01es edited this page Aug 16, 2017 · 15 revisions

Entity companion objects, which due to historical reasons are still associated with the notion of DAO (Data Access Object), provide a family of methods for reading persisted entities from a datastore (some relational database at this stage). One of the most recent addition to this family are the two steaming methods.

These streaming method offer two major benefits:

  • The ability to process large amounts of data without blowing up the heap.
  • The ability to use Java Streaming API as if processing an ordinary stream, but with a database backend.

In order to illustrate both of the points above, let's consider a situation where a large number of timesheets needs to be processed. This assumes that such processing is only possible to be implemented in the application logic using Java. Always remember to EQL's ability to get what you need from a database if possible -- this is a lot more performant!

Processing large datasets

The snippet below uses now deprecated method getAllEntities(qem) to sequentially process the matching timesheets. Hint lightweight() is used to gain additional performance associated with entity instantiation in cases where those are used strictly for read-only purposes.

for (final Timesheet ts: getAllEntities(from(query).with(fetch).lightweight().model())) {
   // do things to a timesheet instance
}

This implementation would blow the heap if the number of entities matched by the specified query is too large. And an unwitting developer who happily covered this functionality with a unit test against a small set of data, would be very much surprised when her code blows in production!

However, one still needs to be able to process all matching timesheets. How can this be done? The answer is -- stream the data! The snippet below demonstrates how this can be done using the companion streaming methods.

try(final Stream<Timesheet> timesheets = stream(from(query).with(fetch).lightweight().model())) {
    timesheets.forEach(ts -> /* do things to a timesheet instance */);
}

Deep underneath the streaming implementation uses an instance of the JDBC ResultSet, which reads the data from the database in batches of the specified size and gets closed as the same time as the associated stream. There are two points of notice here:

  1. It is critical to close the stream once it is no longer needed. Otherwise database resources will start leaking. The best way to achieve this is by using the try-with-resource construct as in the example above. It is alright pass open streams around such as to have methods that return an open stream, but then the users of such streams are responsible for closing them.

  2. The batch size for reading the data can be controlled. Some times it make sense to increase the default batch size (currently 25), which might result in performance improvement -- usually loading less larger chunks of data is faster than loading more smaller chunks of data. Method stream has two versions -- one takes only an instance of QueryExecutionModel, another -- takes a batch size in addition.

The snippet below demonstrates streaming with a custom batch size of 100.

try(final Stream<Timesheet> timesheets = stream(from(query).with(fetch).lightweight().model(), 100)) {
    timesheets.forEach(ts -> /* do things to a timesheet instance */);
}

The general recommendation is to start with the default batch size and only increase it if there are practical benefits when running against the production size data. At the same time, one should NEVER EVER set the batch size as count(query). This is an anti-pattern to "read all data into memory".
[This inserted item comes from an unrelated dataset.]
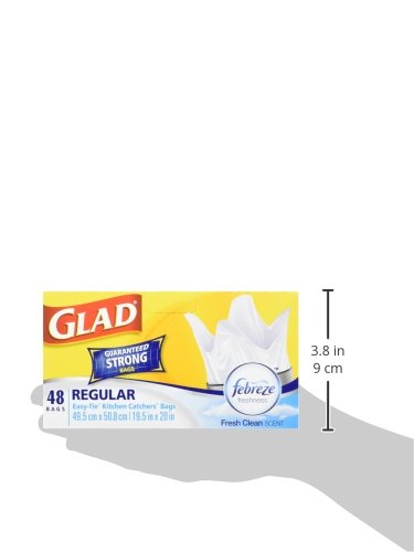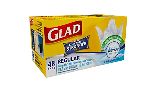 - SMALL WHITE GARBAGE BAGS: Box of 48 bags of Glad Small 25L white garbage Bags, GUARANTEED STRONG: Glad bags are guaranteed strong to handle your toughest garbage messes, FEBREZE FRESH CLEAN SCENT: Neutralizes odours and keeps your bin smelling fresh, EASY-TIE HANDLES: Four flaps designed for easy closing, making even the fullest bags simple to lift and carry, USE AROUND THE HOME: Smaller size ideal for kitchen, bathroom, bedroom or office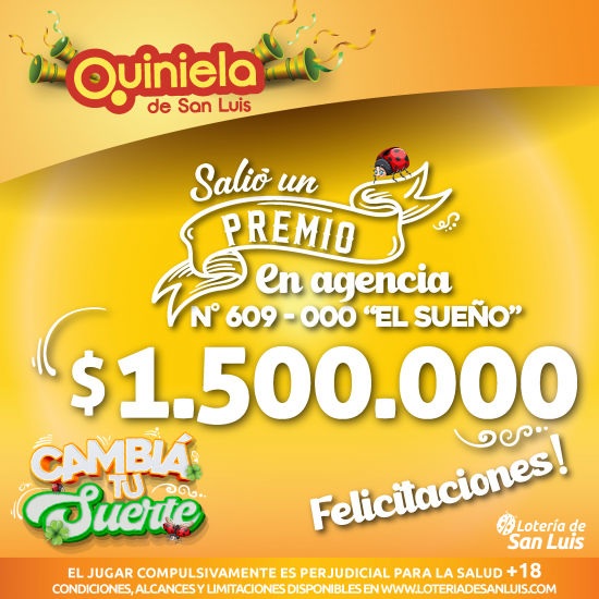El día Viernes 16 de Enero, en la Agencia N° 609-000 "El Sueño" de Justo Daract, salió un premio de Quiniela de $1.500.000

More about the expected behaviour of the streaming methods can be obtained by studying CommonEntityDaoStreamingTestCase.

The convenience of the Streaming API

Even in cases of medium and small datasets, the Streaming API is very convenient. Stream methods such as map, takeWhile/dropWhile (Java 9), reduce, .collect(Collectors.partitioningBy(...)), .collection(Collectors.groupBy(...) and even filter are very convenient.

In general filtering a stream is extremely useful. However, in case of EQL it is best to construct a query that would produce a stream only with required entities. Filtering data at the database level is a lot more more efficient than at the application level.
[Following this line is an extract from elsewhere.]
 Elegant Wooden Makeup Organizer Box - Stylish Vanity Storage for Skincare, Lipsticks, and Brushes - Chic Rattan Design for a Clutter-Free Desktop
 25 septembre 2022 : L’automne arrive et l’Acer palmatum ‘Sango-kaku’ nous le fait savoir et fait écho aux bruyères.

A simple example that collects all entities from a stream into a list is provided below. This example can be thought of as a way to implement getAllEntities(qem). However, such total collecting should not be abuse and should never be used for large result set -- this was the reason for at first deprecating and then removing getAllEntities(qem) from the entity reader API (IEntityReader).

final List<T> allEntities;
try (final Stream<T> stream = stream(qem)) {
    allEntities = stream.collect(Collectors.toList());
}
// use allEntities

The following example demonstrates partitioning of work activities by its type. It is important to understand that the resultant Map contains all work activities that match the query. So, it won't be appropriate in cases of large datasets that can blow the heap.
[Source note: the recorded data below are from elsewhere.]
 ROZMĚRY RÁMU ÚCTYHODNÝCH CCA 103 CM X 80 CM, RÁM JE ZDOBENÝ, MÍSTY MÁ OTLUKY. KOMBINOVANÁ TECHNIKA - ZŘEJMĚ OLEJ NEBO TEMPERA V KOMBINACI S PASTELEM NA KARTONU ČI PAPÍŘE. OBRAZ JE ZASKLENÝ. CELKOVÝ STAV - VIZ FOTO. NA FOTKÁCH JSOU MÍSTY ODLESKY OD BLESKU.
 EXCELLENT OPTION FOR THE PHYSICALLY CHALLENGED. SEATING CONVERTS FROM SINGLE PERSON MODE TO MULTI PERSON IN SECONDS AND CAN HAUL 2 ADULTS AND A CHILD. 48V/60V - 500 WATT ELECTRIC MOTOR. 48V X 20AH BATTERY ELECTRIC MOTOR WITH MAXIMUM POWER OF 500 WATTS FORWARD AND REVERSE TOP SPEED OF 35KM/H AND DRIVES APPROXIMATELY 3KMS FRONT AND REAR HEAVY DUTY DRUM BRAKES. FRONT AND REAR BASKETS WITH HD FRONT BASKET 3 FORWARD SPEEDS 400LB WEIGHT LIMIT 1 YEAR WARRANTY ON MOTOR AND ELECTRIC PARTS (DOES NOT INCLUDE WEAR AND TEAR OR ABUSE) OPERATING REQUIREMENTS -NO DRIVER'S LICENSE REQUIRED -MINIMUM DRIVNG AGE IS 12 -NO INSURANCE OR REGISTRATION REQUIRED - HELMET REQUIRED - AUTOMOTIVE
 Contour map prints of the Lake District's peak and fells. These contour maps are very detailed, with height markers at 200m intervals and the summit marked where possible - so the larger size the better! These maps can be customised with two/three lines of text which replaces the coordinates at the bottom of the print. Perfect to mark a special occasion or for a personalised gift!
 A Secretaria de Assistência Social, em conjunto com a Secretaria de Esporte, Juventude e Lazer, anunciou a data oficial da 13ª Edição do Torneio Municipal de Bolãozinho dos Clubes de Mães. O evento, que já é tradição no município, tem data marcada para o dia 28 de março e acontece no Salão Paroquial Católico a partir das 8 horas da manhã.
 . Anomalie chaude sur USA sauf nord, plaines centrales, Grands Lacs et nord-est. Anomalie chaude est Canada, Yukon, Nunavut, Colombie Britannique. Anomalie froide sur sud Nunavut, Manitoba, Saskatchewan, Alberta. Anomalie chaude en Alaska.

final Map<WorkActivityType, List<WorkActivity>> wasByType;
try(final Stream<WorkActivity> was = stream(from(query).with(fetch).lightweight().model())) {
    wasByType = was.collect(Collectors.groupingBy(ts -> ts.getWaType()));
}
// do things with wasByType

Always remember to close the stream after using it. It is useful to know that closing of derived streams (such as those obtained by applying map or filter) close the base stream.

An interesting example with head and tail

Consider a situation where one needs to ensure that all timesheets that match some query qem with specific order, have the same person as the first retrieved timesheet entity. An imperative solution that would retrieve all matching timesheets at once could look like this:

    final List<Timesheet> selectedTimesheets = co(Timesheet.class).getAllEntities(qem);
    final Person timesheetPerson = selectedTimesheets.get(0).getPerson();
    for (final Timesheet timesheet : selectedTimesheets) {
        if (!areEqual(timesheet.getPerson(), timesheetPerson)) {
            throw failure(MULTIPLE_CRAFTS_SELECTED_ERROR);
        }
    }

In proper functional languages such as Scala or Clojure streams have operations head and tail, which would be used to translate the above imperative code to an elegant simple functional streaming solution. Regrettably, streams in Java do not have those operations defined and an ad-hoc solution is required.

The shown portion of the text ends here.